___ Data records

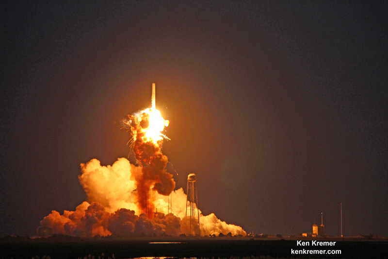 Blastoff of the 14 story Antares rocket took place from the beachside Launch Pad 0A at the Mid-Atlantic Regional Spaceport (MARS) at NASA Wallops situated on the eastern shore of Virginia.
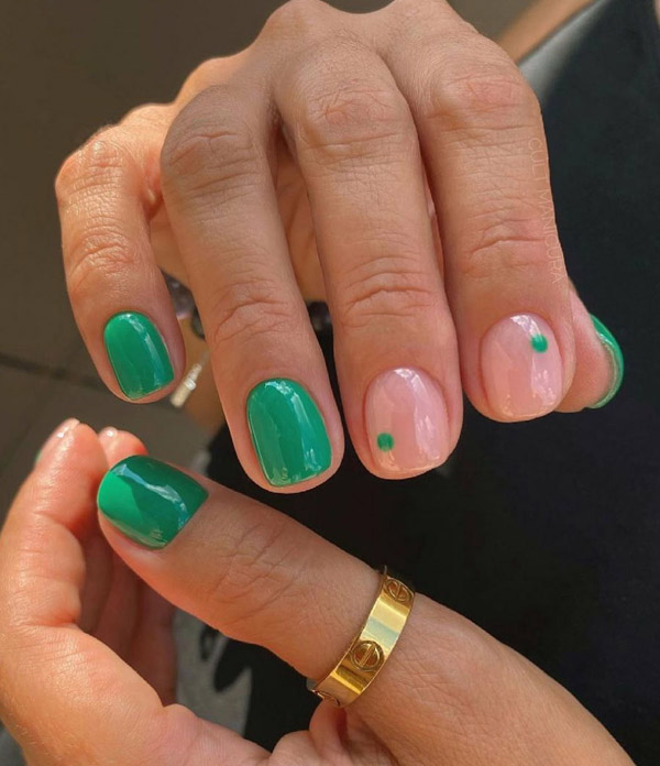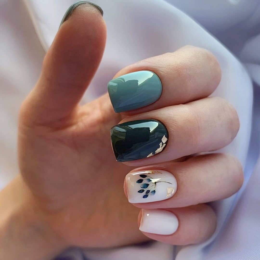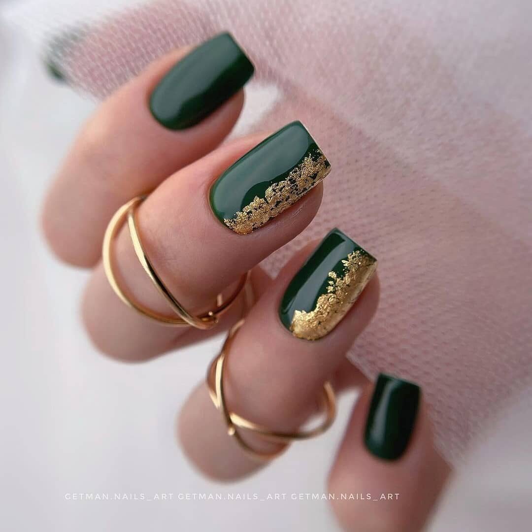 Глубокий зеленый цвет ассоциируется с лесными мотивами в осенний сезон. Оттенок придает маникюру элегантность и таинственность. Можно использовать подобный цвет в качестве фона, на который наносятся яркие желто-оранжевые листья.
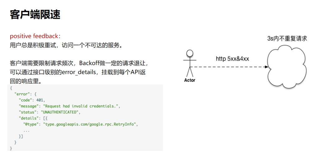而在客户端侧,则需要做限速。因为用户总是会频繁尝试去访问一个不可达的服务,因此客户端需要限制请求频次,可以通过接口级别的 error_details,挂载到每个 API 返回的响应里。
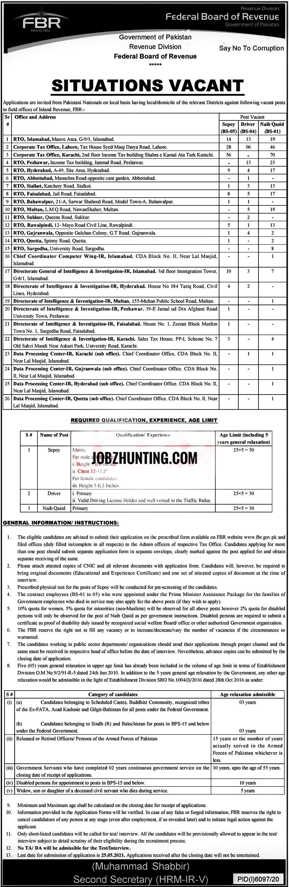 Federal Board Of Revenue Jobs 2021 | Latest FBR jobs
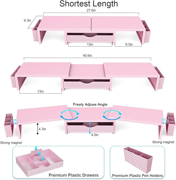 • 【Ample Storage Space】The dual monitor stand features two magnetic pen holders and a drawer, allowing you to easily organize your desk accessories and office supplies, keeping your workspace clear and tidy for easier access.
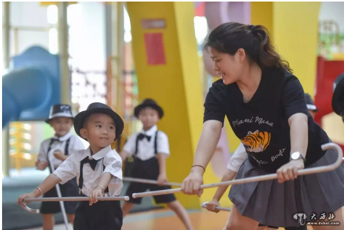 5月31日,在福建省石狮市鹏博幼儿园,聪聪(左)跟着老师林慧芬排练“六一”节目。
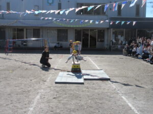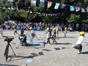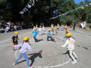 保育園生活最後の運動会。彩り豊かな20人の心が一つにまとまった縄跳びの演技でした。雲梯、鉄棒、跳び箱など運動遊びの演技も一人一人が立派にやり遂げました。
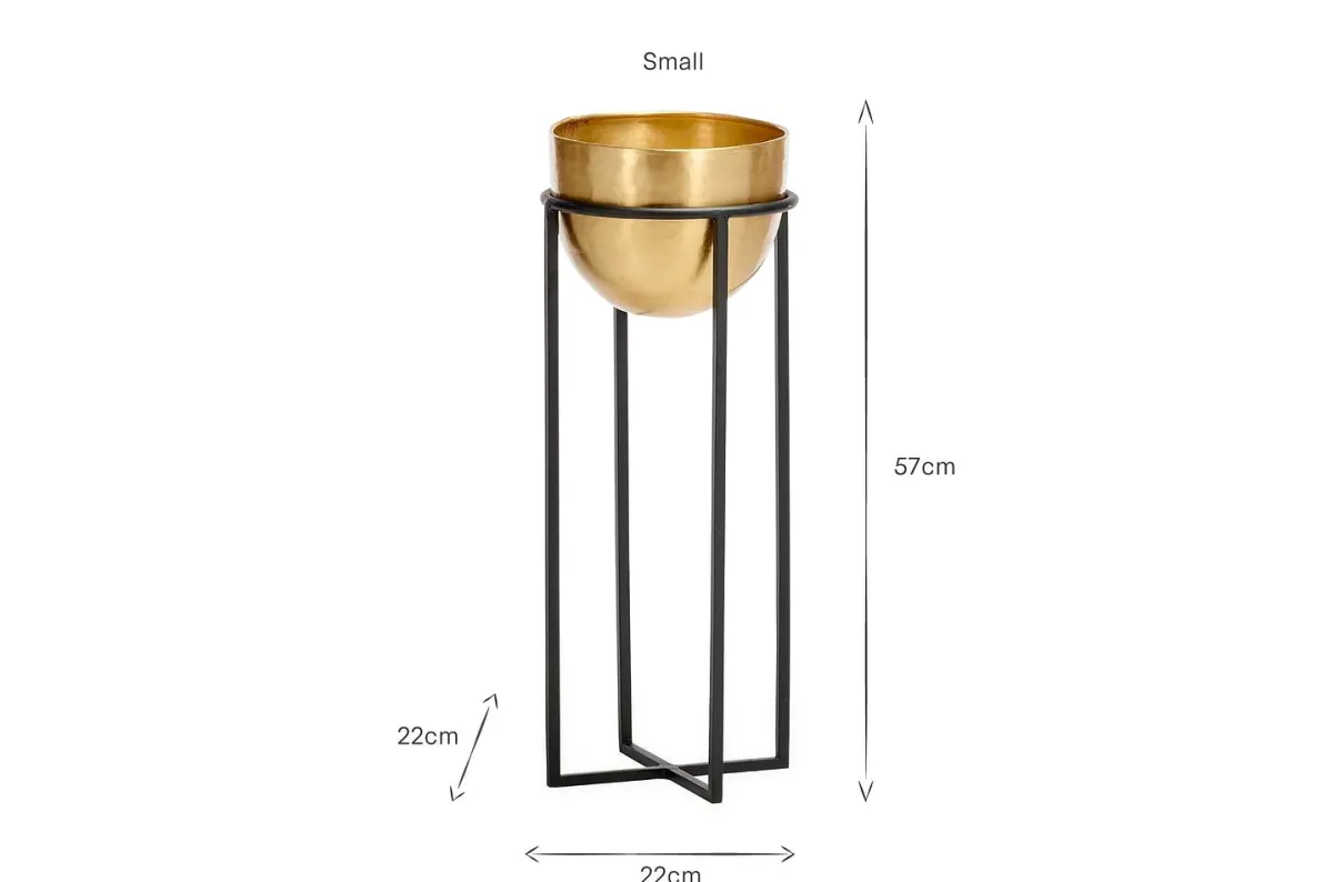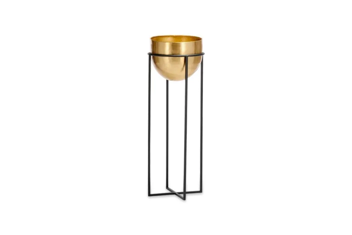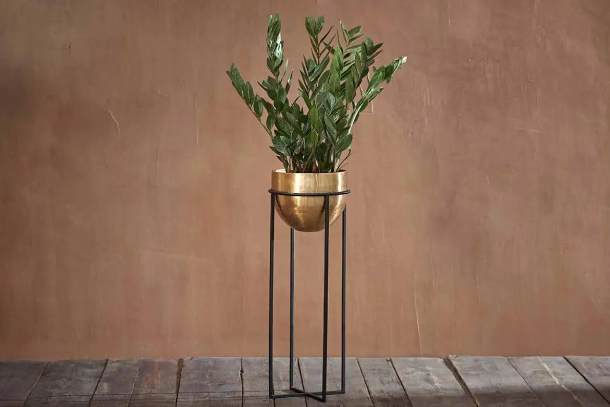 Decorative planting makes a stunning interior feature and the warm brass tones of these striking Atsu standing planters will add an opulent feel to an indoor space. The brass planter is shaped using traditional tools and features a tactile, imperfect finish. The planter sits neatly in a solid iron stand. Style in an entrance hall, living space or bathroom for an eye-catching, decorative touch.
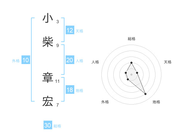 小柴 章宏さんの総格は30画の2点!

______
___ Data records

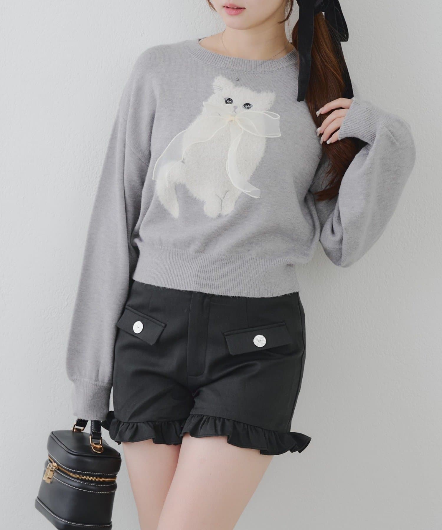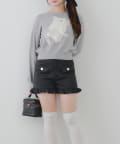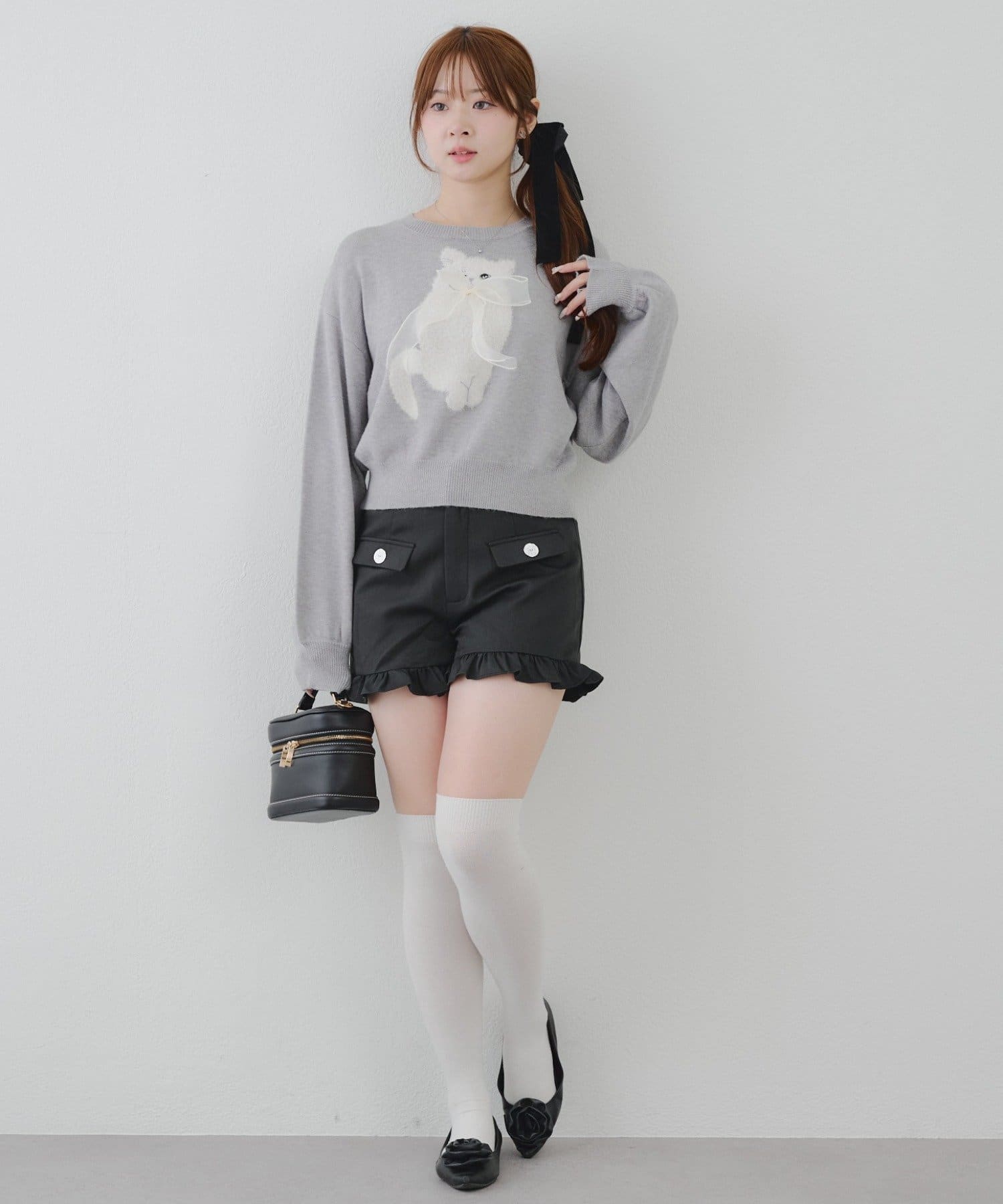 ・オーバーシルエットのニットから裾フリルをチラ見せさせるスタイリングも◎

______

Instructions for the task: Word for word, restate the lines above from the one with "Глубокий зеленый цвет" through the one with "5月31日,在福建省石狮市鹏", keeping both ends and dropping the pictures.

Result for this task:
 Глубокий зеленый цвет ассоциируется с лесными мотивами в осенний сезон. Оттенок придает маникюру элегантность и таинственность. Можно использовать подобный цвет в качестве фона, на который наносятся яркие желто-оранжевые листья.
而在客户端侧,则需要做限速。因为用户总是会频繁尝试去访问一个不可达的服务,因此客户端需要限制请求频次,可以通过接口级别的 error_details,挂载到每个 API 返回的响应里。
 Federal Board Of Revenue Jobs 2021 | Latest FBR jobs
 • 【Ample Storage Space】The dual monitor stand features two magnetic pen holders and a drawer, allowing you to easily organize your desk accessories and office supplies, keeping your workspace clear and tidy for easier access.
 5月31日,在福建省石狮市鹏博幼儿园,聪聪(左)跟着老师林慧芬排练“六一”节目。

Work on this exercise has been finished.